Antes de hablar de tecnologías y protocolos, necesitas saber si realmente podemos ayudarte. Dentro de nuestros tratamientos faciales, trabajamos con IPL (luz pulsada intensa), peelings químicos, Dermapen y microdermoabrasión: herramientas eficaces para manchas superficiales, con límites claros. No todo se debe tratar en cabina.

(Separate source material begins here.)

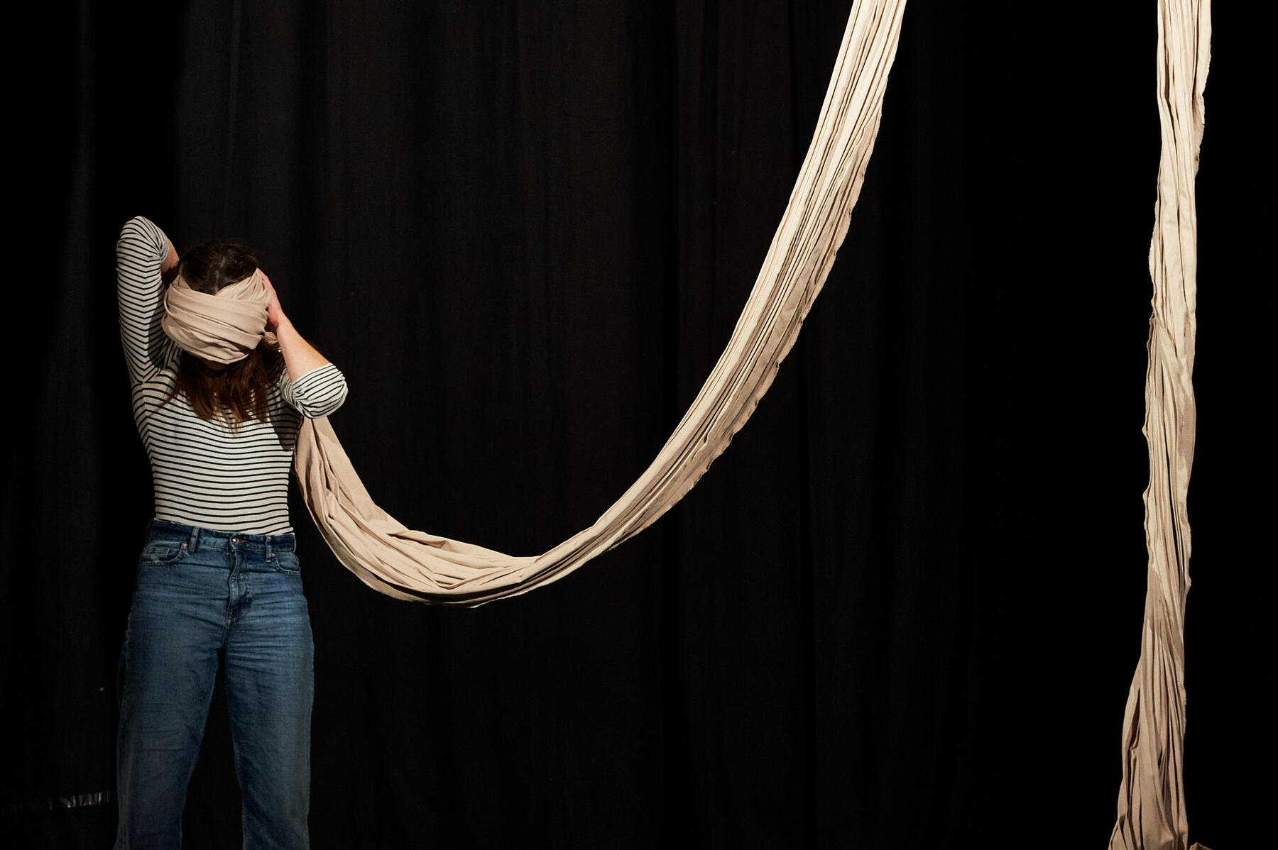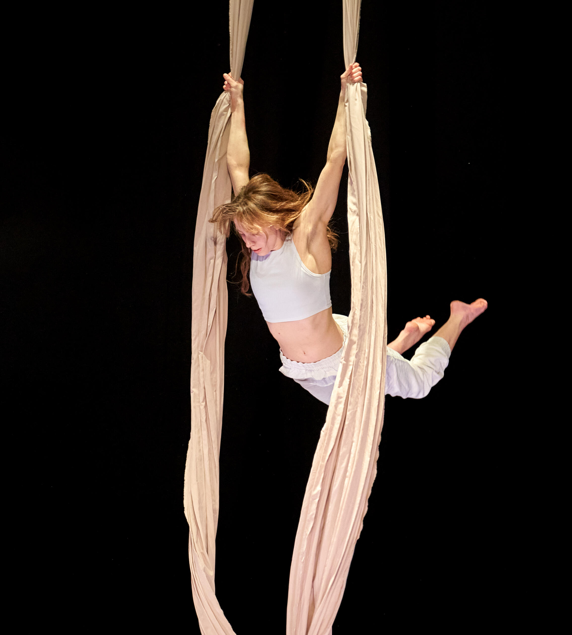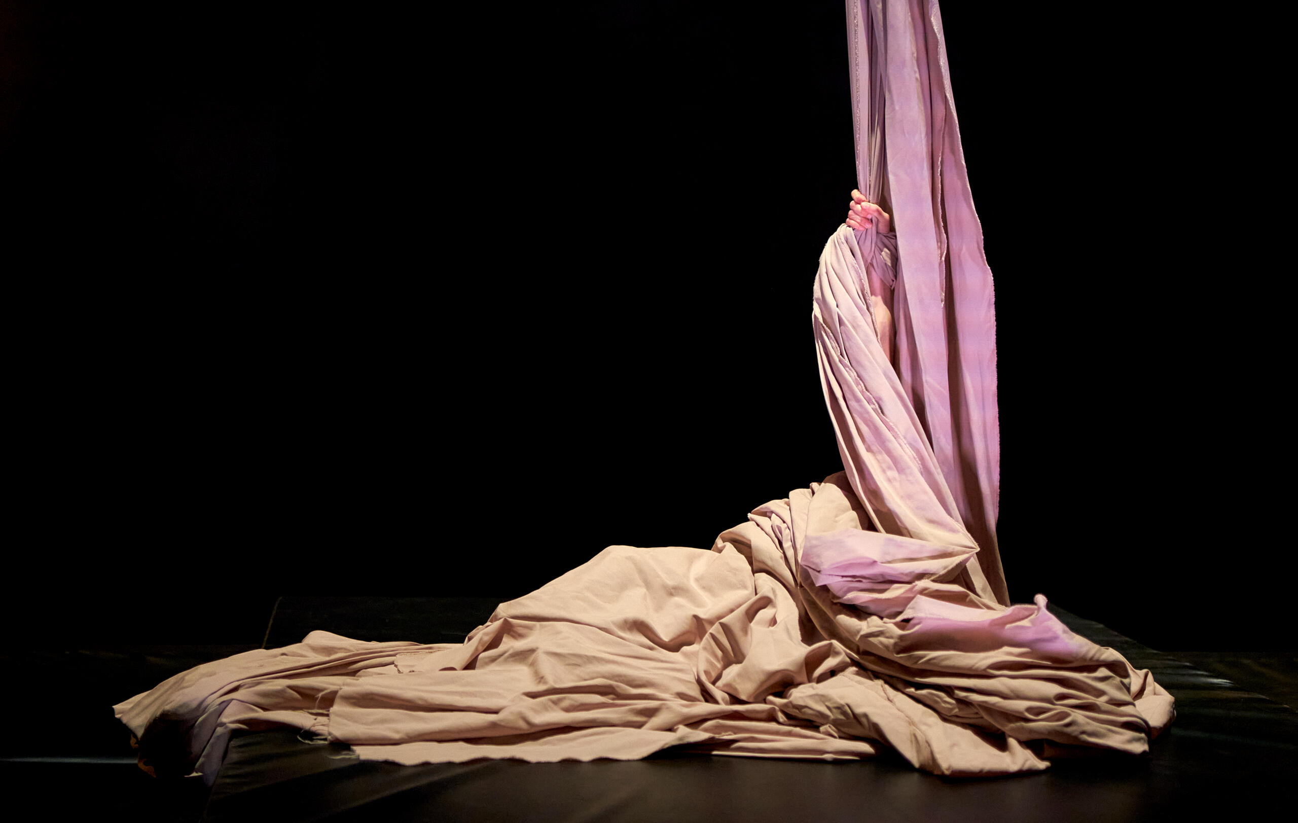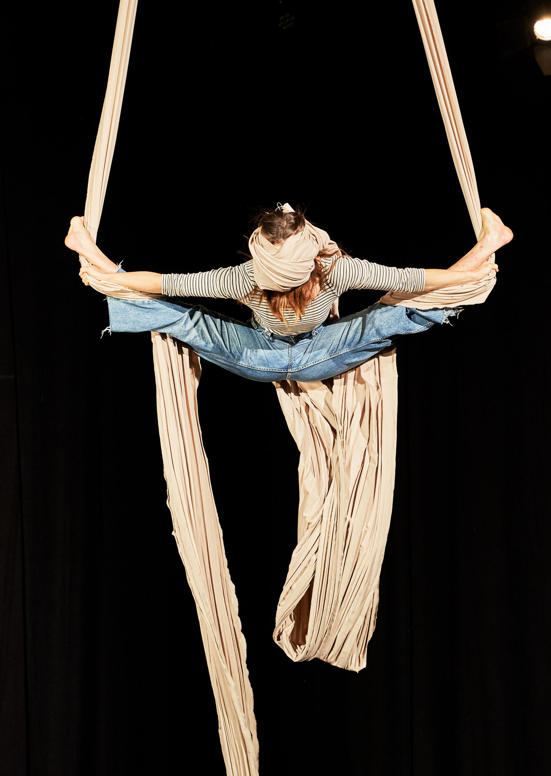 Playing with restrictions, loss of senses, and defiance of our limitations. Performed while blindfolded by the silks, this act explores what happens when the performer has to take special care of the movements of their body.

Si tienes manchas marrones bien definidas en cara, escote o manos que han ido apareciendo con los años de tomar el sol, probablemente seas una buena candidata. Lo mismo si presentas pecas que quieres atenuar, marcas oscuras que te quedaron del acné, o ese tono desigual y apagado típico del fotoenvejecimiento. En estos casos, los resultados suelen ser muy satisfactorios.
Ahora bien, hay situaciones donde no somos la mejor opción. Si tu melasma tiene un tono grisáceo en lugar de marrón, significa que el pigmento está en capas profundas de la piel y necesita láser de picosegundos, que no tenemos.
Si presentas manchas blancas (hipomelanosis), el problema es el contrario: tus melanocitos están agotados y requieren fototerapia especializada. Y si tienes cualquier lesión que haya cambiado de forma, color o que sangre, tu primera parada debe ser el dermatólogo, no nosotros: primero seguridad.
También somos claros con las expectativas: si no estás dispuesta a usar protector solar todos los días durante y después del tratamiento, vas a tirar el dinero. Y si te vas de vacaciones a la playa en las próximas semanas, mejor espera a otoño: el sol manda.